MORALITY, MISUNDERSTOOD; PSYCHOLOGY, ITS MOST DISTURBED

Firstly, thanks to Joost Daadler for his stunning introduction to the edition I read of 'The Changeling'. The in-depth analysis of the psychological disturbances and functions that exist within the play (such as the ID and the unconscious dropping of the glove, etc.), help expand 'The Changeling' into a lot more than just (though this would be no bad thing!) a morality play where an orthodox Christian message runs predominant. I have never read a play that reduces the human to the bestial in such an intense and forceful manner, not shying away from the painful and somewhat humiliating view that human kind are more or less governed by their instincts; sexual impulse being one such motivating factor that can rid a human of any intellect ot reason that is supposed to constitute 'humanity' in the first place. This ia must read and not just a moral, didactic play either. It is not condemning sexuality but pleading with us that it must be understood. Overall, it is a tragedy that really challenges its reader into thinking hard about whether certain characters (e.g. Beatrice) can be more sympathised with than maybe one thought upon first reading. Read it!

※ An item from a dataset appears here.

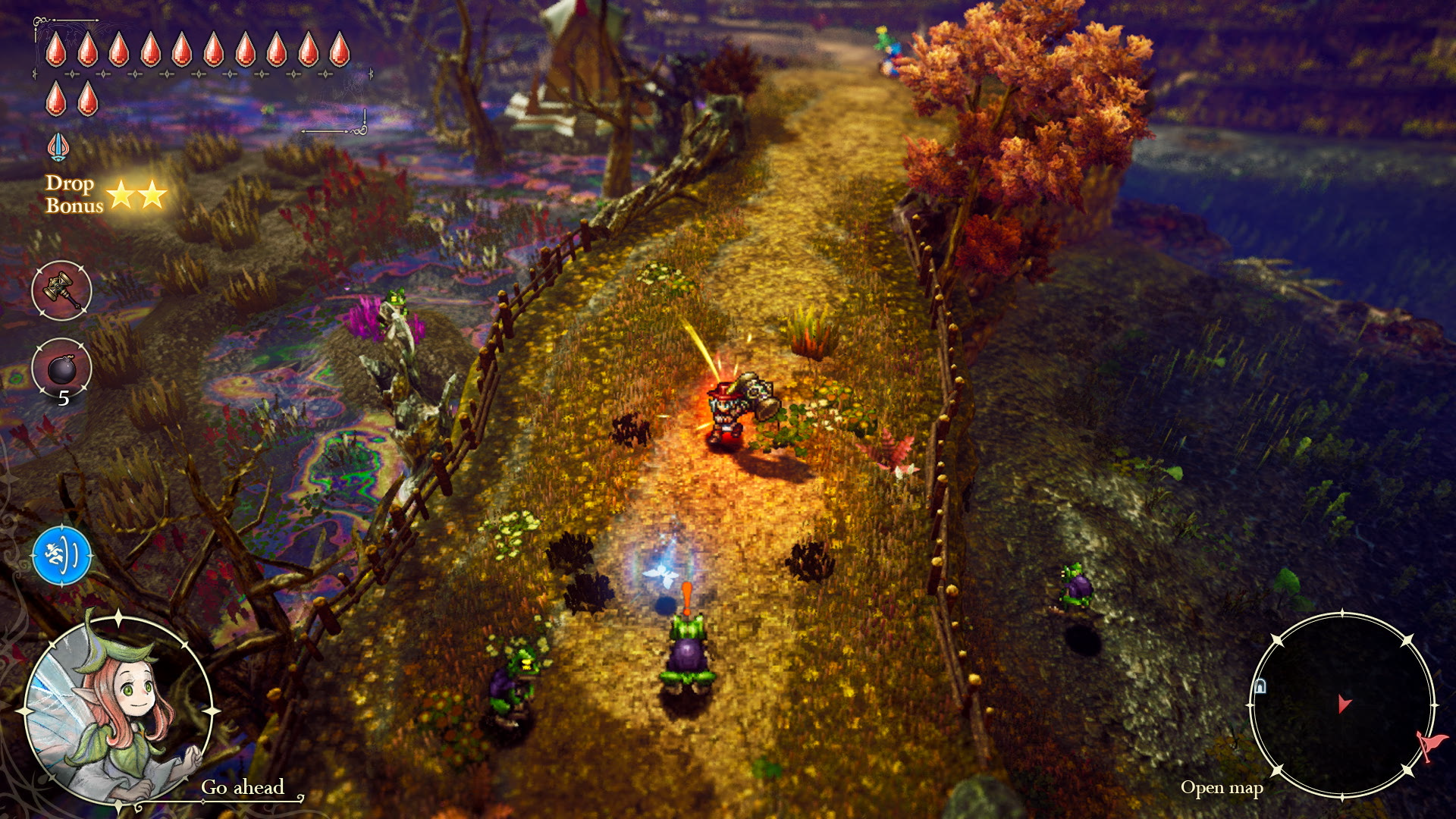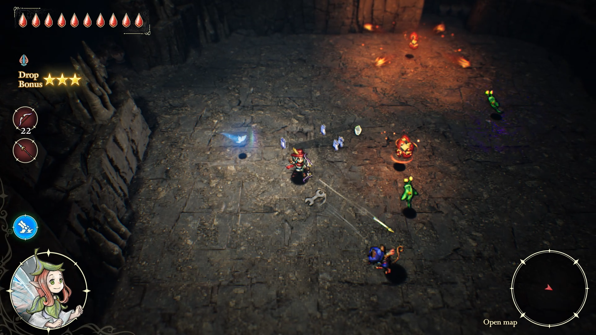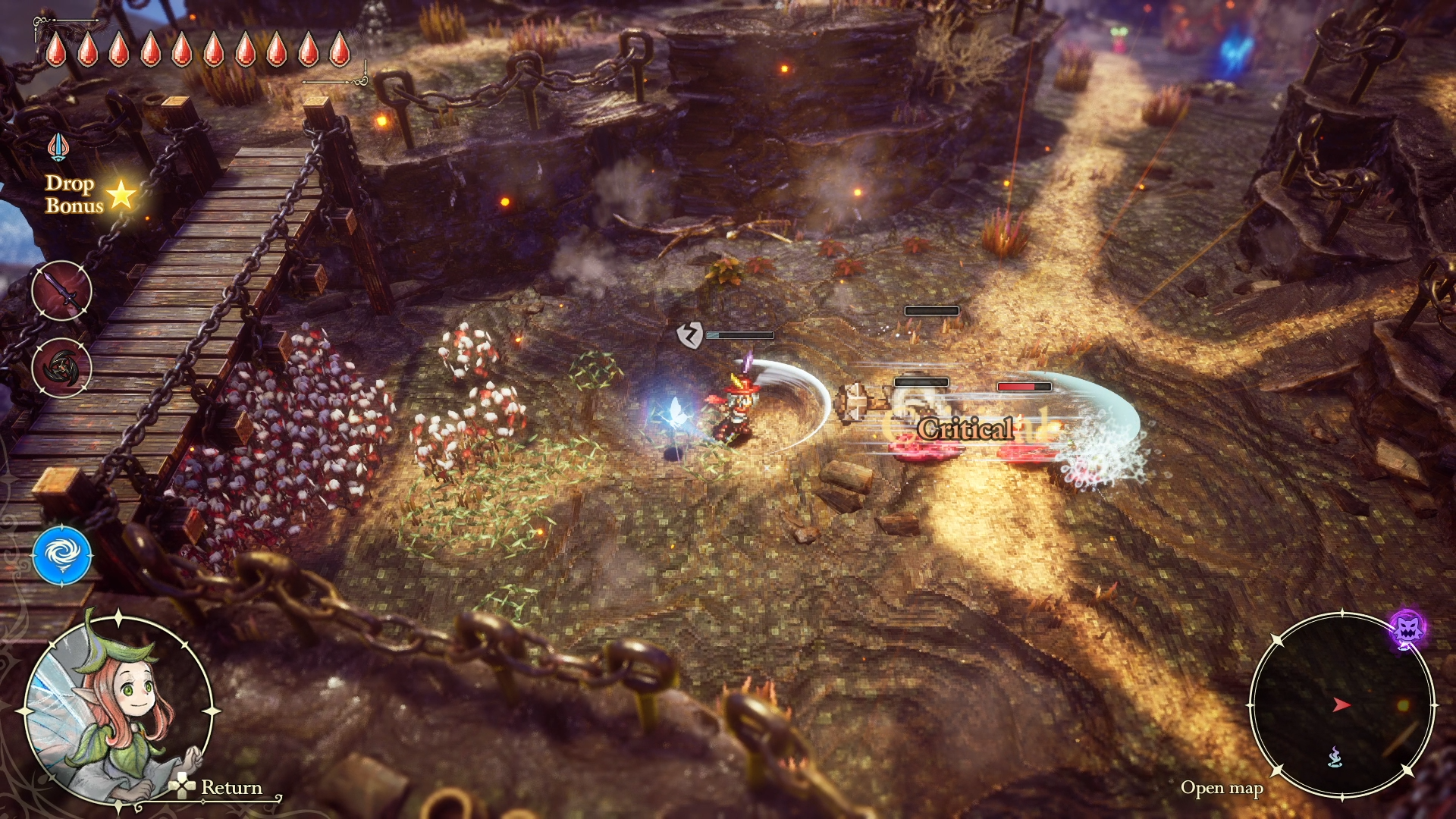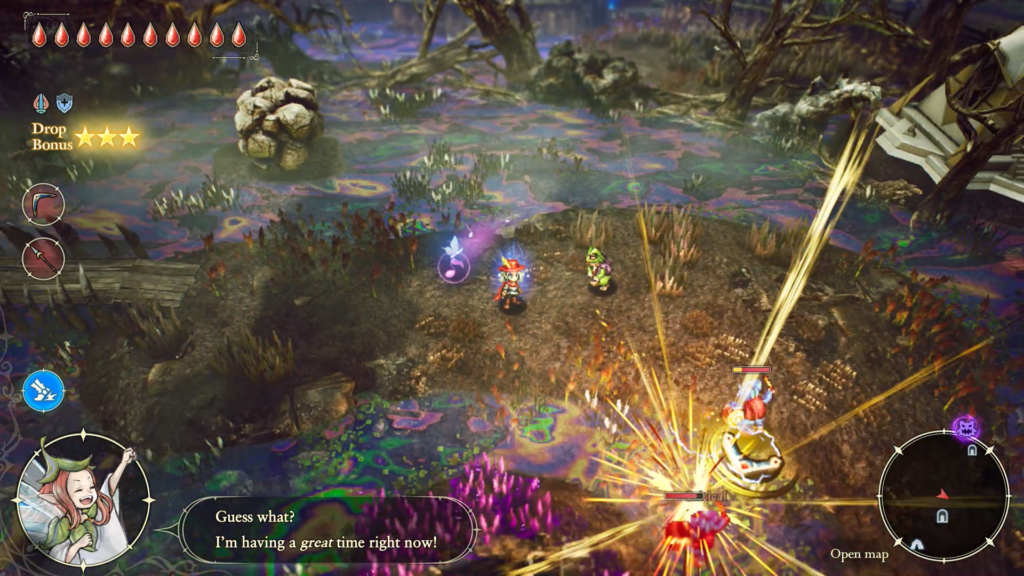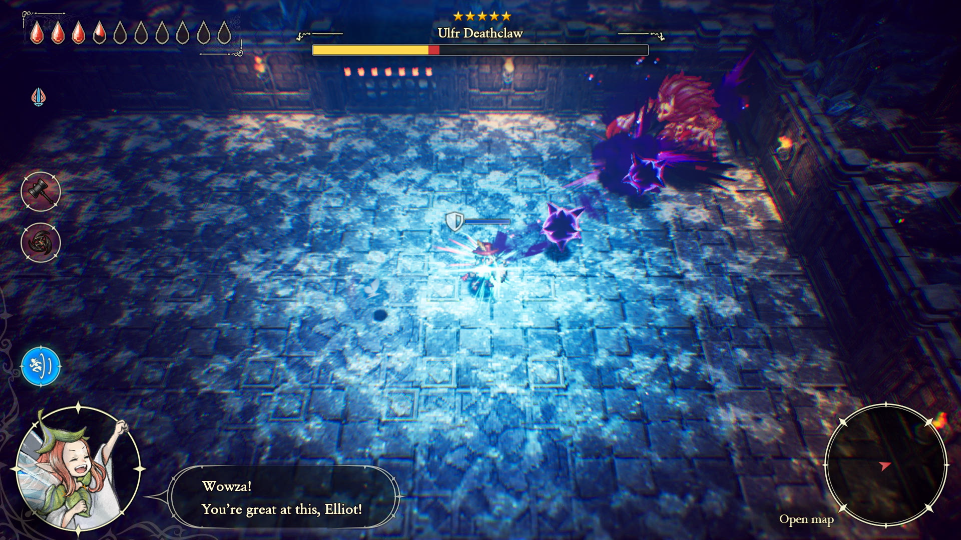 Le jeu repose sur un système d’action dynamique. Elliot peut explorer librement le continent, manier de nombreuses armes — épées, lances, marteaux, arcs, boomerangs, bombes, chaînes et faucilles — et utiliser des attaques spéciales propres à chaque catégorie. Faie joue un rôle central : elle soutient Elliot en combat, récupère des objets, résout des pièges, permet la téléportation, accélère les déplacements et peut même le ressusciter en échange de tul, la monnaie locale. Le titre propose également un mode coopératif local où un second joueur peut contrôler Faie.

Ah, watch the madness unfold; who is The Changeling?

Madness--how many kinds were there? How many people are changelings in their world? Beatrice, focusing only on what she wants--does she really know what she wants? De Flores, who like many just focuses on himself... As Euripides for the Greeks is close to the modern mind, so are Middleton and Rowley for the Renaissance. You will find that you connect to the pivotal characters like those you know, so well are they drawn. The play itself is striking, and keep an eye on the subplot; note how it underscores the madness with its contrast to the main plot. The New Mermaids is the best edition I've found! I highly recommend this edition of the play, whether new to Renaissance drama or scholar. The footnotes are exceptional--even my professor was astonished and pleased. They make you understand quite clearly that "nunnery" wasn't the only sexual ambiguity of interest! (And why certain characters react to words we find innocuous.)It is a tragedy of people oblivious to others... A very good example of Renaissance drama, and one that sticks in your mind.

Black comedy from the days of Shakespeare

A stunning hybrid of murder and comedy, with the superb, complex, yet entirely believable characterisation of the murderous De Flores and the confused Beatrice, complemented by the sub-plot, renders this drama with the sort of atmosphere inherent in the modern day Reservoir Dogs.